Document Detail


Bleeding incidence with concomitant use of antidepressants and warfarin.
MedLine Citation:
PMID:  21743381     Owner:  NLM     Status:  MEDLINE    
Abstract/OtherAbstract:
INTRODUCTION: Bleeding is the major complication associated with warfarin therapy. Some antidepressants are also associated with increased bleeding risk. Warfarin and antidepressants are used frequently in combination, but it is unclear whether concomitant use increases the risk of bleeding beyond that with warfarin alone. The primary goal of this study was to determine whether the use of warfarin and an antidepressant increases the risk for bleeding outcomes compared with the use of warfarin alone. The secondary goal was to characterize the risk of bleeding in warfarin-treated patients taking one specific class of antidepressant, selective serotonin reuptake inhibitors (SSRIs).

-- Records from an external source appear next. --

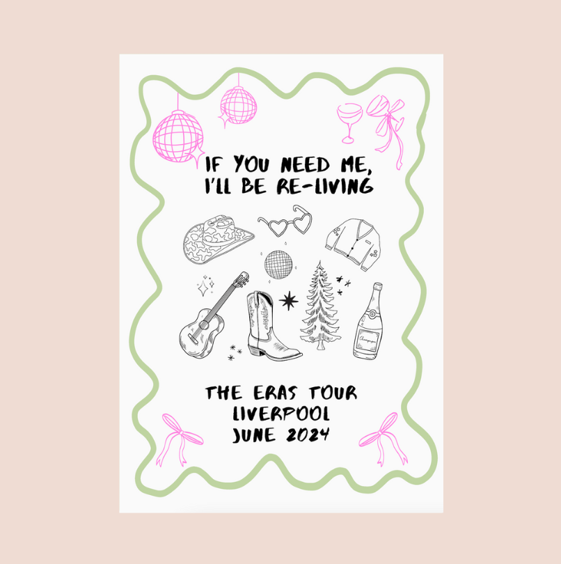 Back in Stock! Discover a unique creation that beautifully captures the essence of The Eras UK Tour. Hand-illustrated with love by Charlotte at Bloom & Brew, this exquisite piece is perfect for adorning your wall or as a cherished gift for a friend who attended the tour. Exclusively available through our store, this print is a true collector's item.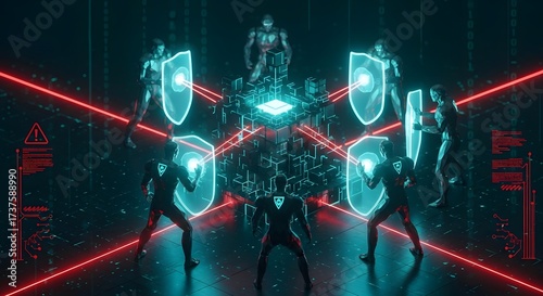 Futuristic Cybernetic Soldiers Guarding a Central Geometric Structure with Red Neon Accents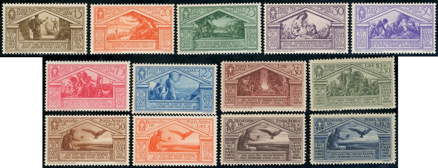 1930 - Virgilio (282/290+A), gomma integra, perfetti. Molto freschi, buona centratura. Alti valori cert. Ferrario.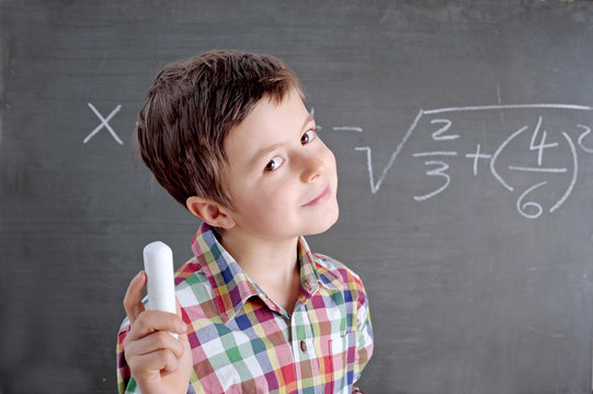 Child coding with AI integrated security, A young child intensely writes on a glowing surface filled with mathematical equations, curiosity and creativity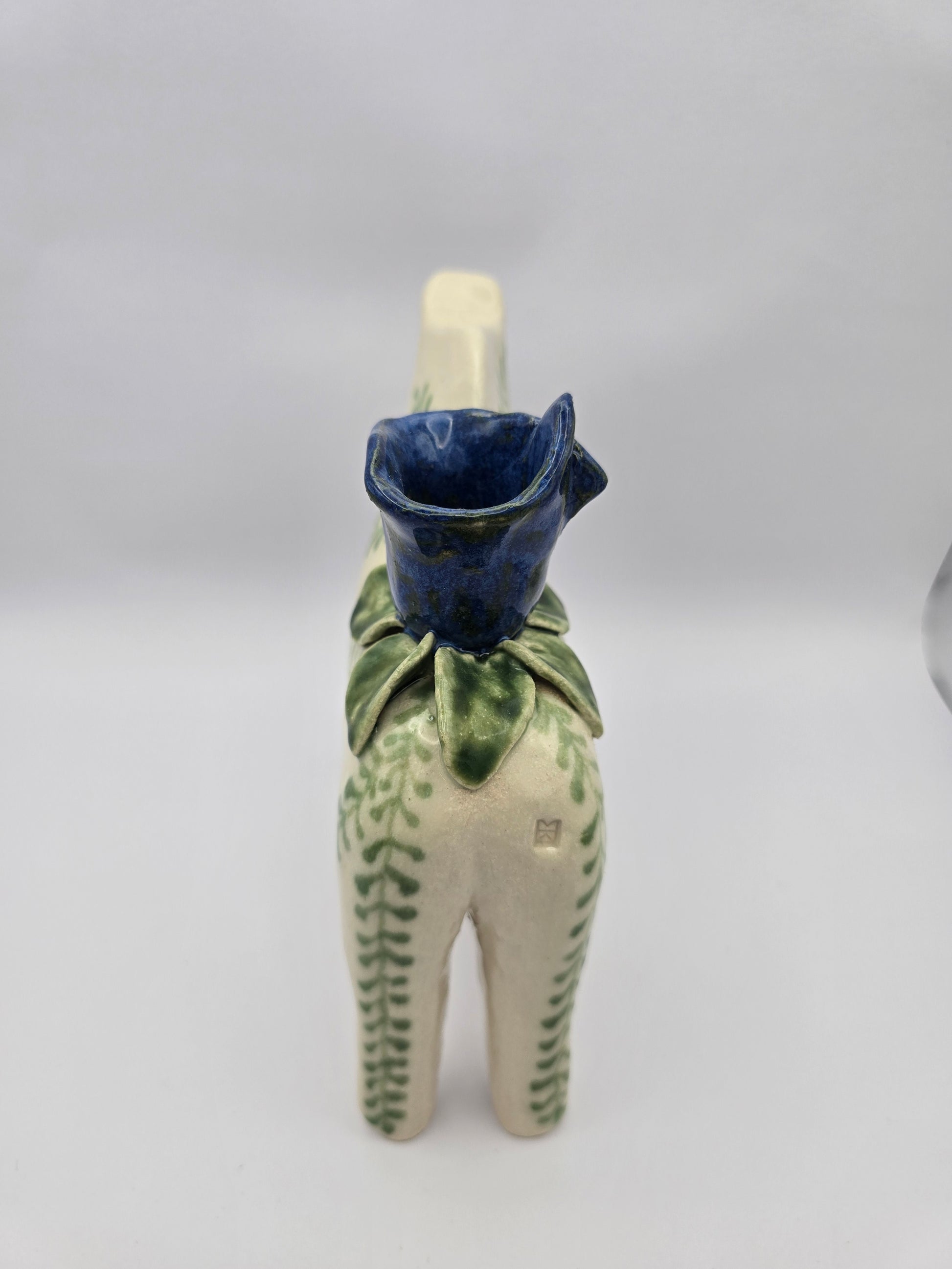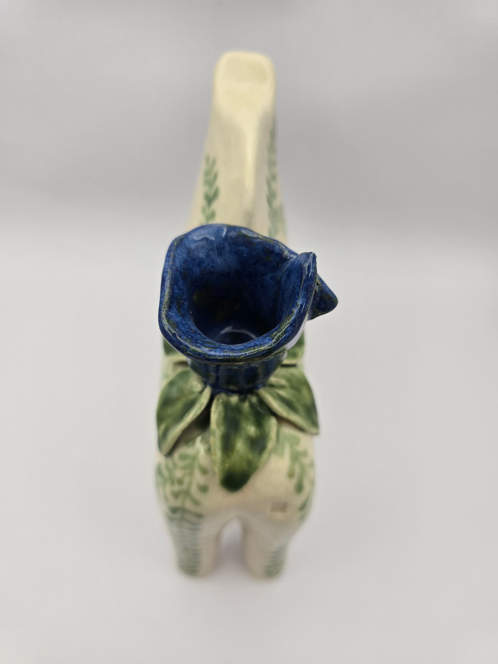 Handbuilt and fully glaced durable stoneware with a flower-shaped candle holder on top.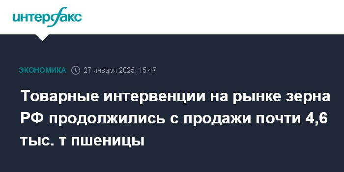 Товарные интервенции на рынке зерна РФ продолжились с продажи почти 4,6 тыс. т пшеницы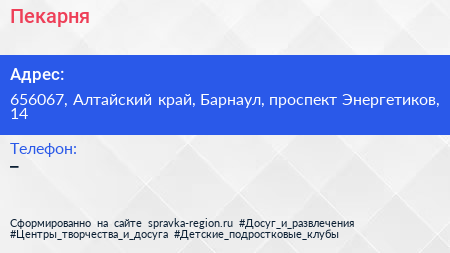 Пекарня по адресу 656067, Алтайский край, Барнаул, проспект Энергетиков, 14 в дальнейшем Организация, размещена в следующих категориях: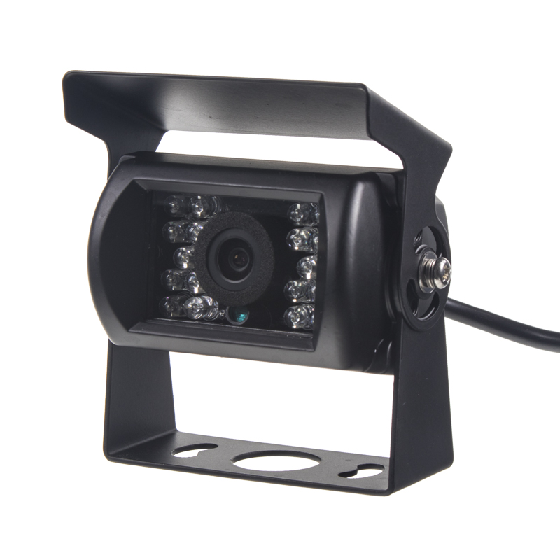 Kamera CMOS s IR světlem, vnější, určená pro montáž především na nákladní vozy, autobusy, karavany či dodávky. Propojení 4-PINovým kabelem.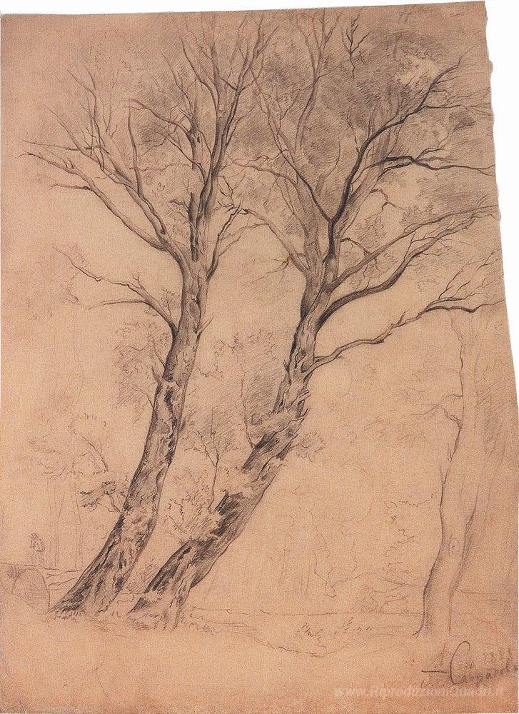 Ti offriamo una riproduzione artigianale su tela dell'opera famosa 'Alberi' di Aleksey Savrasov, dal Museo delle Riproduzioni.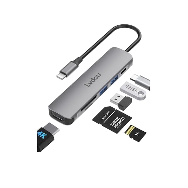 2025高機能版 USB C ハブ 6-in-1 Lvdou アダプタ|100W PD充電対応・4K 60Hz HDMI・MicroSD/SDカードリーダー搭載|MacBook Pro/Air, iPad Pro, iPhone 15/16, Surface Pro, Switch2/Switch, Galaxy Book, Chromebook対応 ノートPC/タブレット用 | つむぎ屋

MATERIALS AND METHODS: This was a retrospective, single-center, study of warfarin-treated patients prescribed (n = 46) and not prescribed (n = 54) an antidepressant. Medical records over 6 months were reviewed for international normalized ratio values, medical history, bleeding type and incidence, and hospitalization due to bleeding. Patients were included in the antidepressant group if they were taking concomitant warfarin and antidepressant therapy consistently for a period of 6 months and in the control group if they were not taking an antidepressant with warfarin.

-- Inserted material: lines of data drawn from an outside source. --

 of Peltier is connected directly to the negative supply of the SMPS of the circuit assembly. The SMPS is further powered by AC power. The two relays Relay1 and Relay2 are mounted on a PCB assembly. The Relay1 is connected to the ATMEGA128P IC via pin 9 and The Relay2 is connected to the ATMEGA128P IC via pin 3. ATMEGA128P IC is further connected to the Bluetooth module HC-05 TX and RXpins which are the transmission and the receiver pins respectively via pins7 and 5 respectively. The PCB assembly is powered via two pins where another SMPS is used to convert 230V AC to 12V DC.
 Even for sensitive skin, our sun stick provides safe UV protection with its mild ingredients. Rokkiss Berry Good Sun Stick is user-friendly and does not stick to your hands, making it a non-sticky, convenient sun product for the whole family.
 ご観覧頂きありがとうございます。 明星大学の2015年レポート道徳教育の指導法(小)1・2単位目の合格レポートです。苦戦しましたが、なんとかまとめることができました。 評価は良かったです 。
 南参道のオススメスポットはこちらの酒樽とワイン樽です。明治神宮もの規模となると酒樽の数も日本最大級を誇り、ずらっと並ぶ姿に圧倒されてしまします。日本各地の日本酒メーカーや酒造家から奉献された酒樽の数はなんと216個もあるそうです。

RESULTS: The use of any antidepressant with warfarin was not associated with the incidence of any bleeding or major bleeding during the 6-month period. However, the use of an SSRI with warfarin was associated with an increase in any bleeding event (odds ratio 2.6, 95% confidence interval, 1.01-6.4 P = 0.04). The use of an SSRI remained a significant predictor of bleeding after accounting for other factors associated with bleeding risk.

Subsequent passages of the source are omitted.